Trying to delete a lot of files in a directory with thousands of files using rm -f *
Say you are trying to delete all PHP files using rm -f *.php in a directory with thousands of PHP cache files generated by the Smarty template engine, in such a case you will see an error message from shell such as the following:
/bin/rm: Argument list too long
What happened is that shell tried to expand the wildcard *.php and placed the file list in rm’s command-line argument list. Since each command-line argument list is really an array and there is a limit to how many arguments can be stored in a process’s memory space, it fails.

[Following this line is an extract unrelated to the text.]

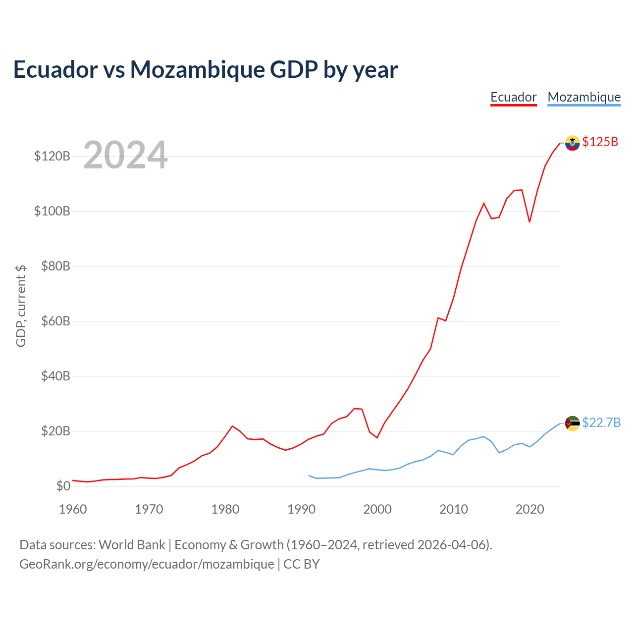 Ecuador has a GDP of $125B compared to $22.7B for Mozambique, ranking 62/197 and 123/197 by economy size, respectively.

Using a workaround for wildcard expansion problem for commands like rm
The easiest solution is to run the find command and execute rm one by one for each matching file. For example, to delete all PHP scripts in a directory, you can run:
$ find . -type f -name "*.php" -exec rm -f {} \;
This tells the find command to find all files matching the given wildcard (*.php) and execute the rm -f command on each of the matching file. Thus, this command can avoid the wildcard expansion issue as the rm -f command sees only one argument at a time.